TO DO ->
Return each entry word for word. Leave the images out.

(Data records)

══════════

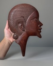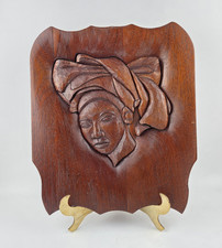 Vintage African Hand Carved Wood Wall Plaque Tribal Profile Mid Century Boho Art
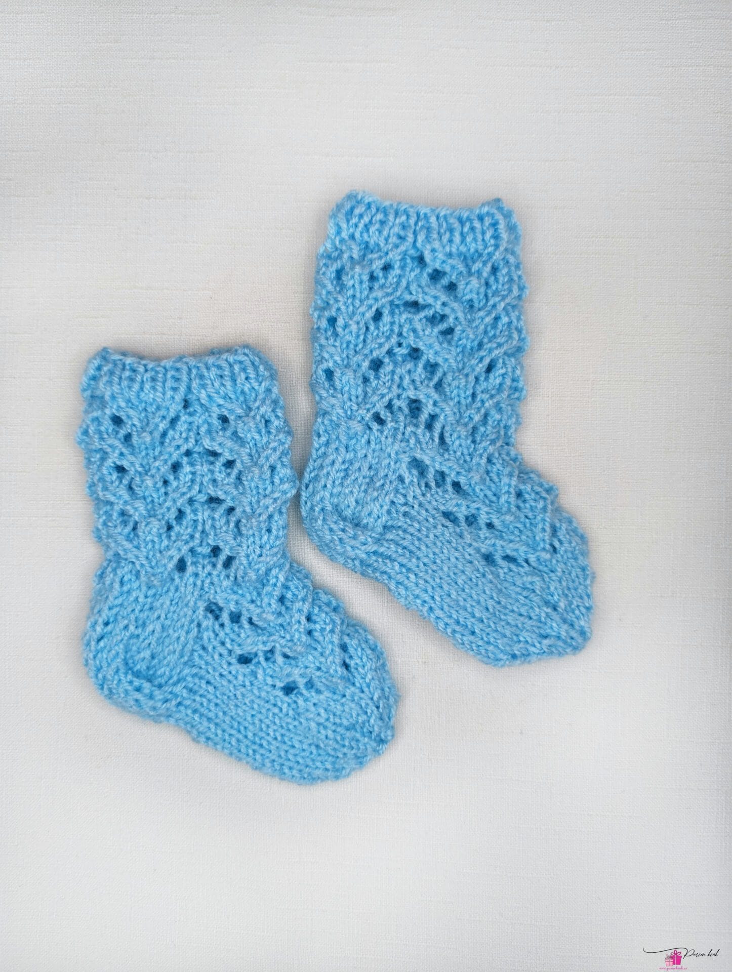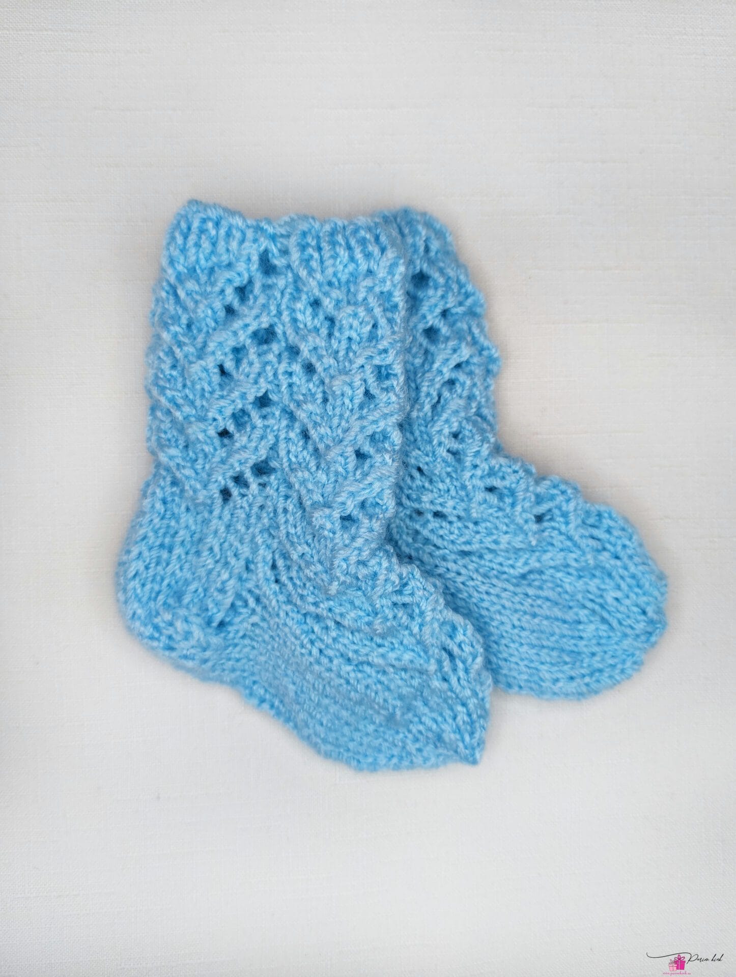 Käsitööna meie enda kootud pitssokid beebile, mis on sobilikud nii poisile kui ka tüdrukule.
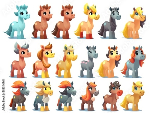 © Diffin, Obraz premium Set horse Cartoon cute character. Collection isolated on white background. generative ai
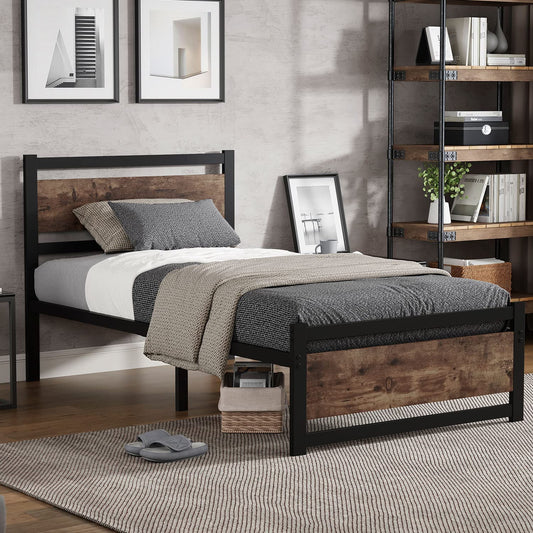سرير خشبي ومعدني من Inhabit مقاس فردي ومزدوج
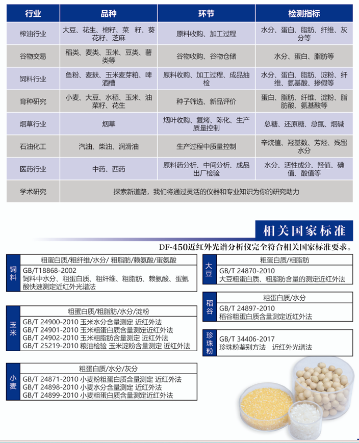 DF-450近红外分光光度计可广泛应用主要用于对粉末、颗粒状及涂层等样品的化学、物理性质作定性定量分析,适用于对农产品、食品、医药等领域的营养成分、水分等化学物理性质的快速无损分析测定。
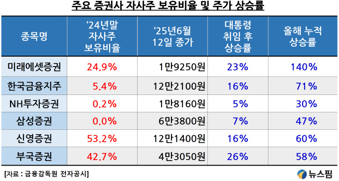 대형 증권사 중 자사주 비중이 24.9%로 가장 높은 미래에셋증권은 이재명 정부 출범 후 6일 동안 23% 폭등했다. 올해 누적 상승률은 무려 140%에 달한다. 5.4%의 자사주를 보유한 한국금융지주도 6일간 16% 상승하는 양호한 모습을 보였다.
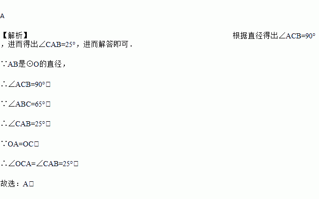 AB是⊙O的直径,点C在圆上,∠ABC=65°,那么∠OCA的度数是( )

══════════

ANSWER FOR THIS EXERCISE ->
 Vintage African Hand Carved Wood Wall Plaque Tribal Profile Mid Century Boho Art
 Käsitööna meie enda kootud pitssokid beebile, mis on sobilikud nii poisile kui ka tüdrukule.
 © Diffin, Obraz premium Set horse Cartoon cute character. Collection isolated on white background. generative ai
سرير خشبي ومعدني من Inhabit مقاس فردي ومزدوج
 DF-450近红外分光光度计可广泛应用主要用于对粉末、颗粒状及涂层等样品的化学、物理性质作定性定量分析,适用于对农产品、食品、医药等领域的营养成分、水分等化学物理性质的快速无损分析测定。
 대형 증권사 중 자사주 비중이 24.9%로 가장 높은 미래에셋증권은 이재명 정부 출범 후 6일 동안 23% 폭등했다. 올해 누적 상승률은 무려 140%에 달한다. 5.4%의 자사주를 보유한 한국금융지주도 6일간 16% 상승하는 양호한 모습을 보였다.
 AB是⊙O的直径,点C在圆上,∠ABC=65°,那么∠OCA的度数是( )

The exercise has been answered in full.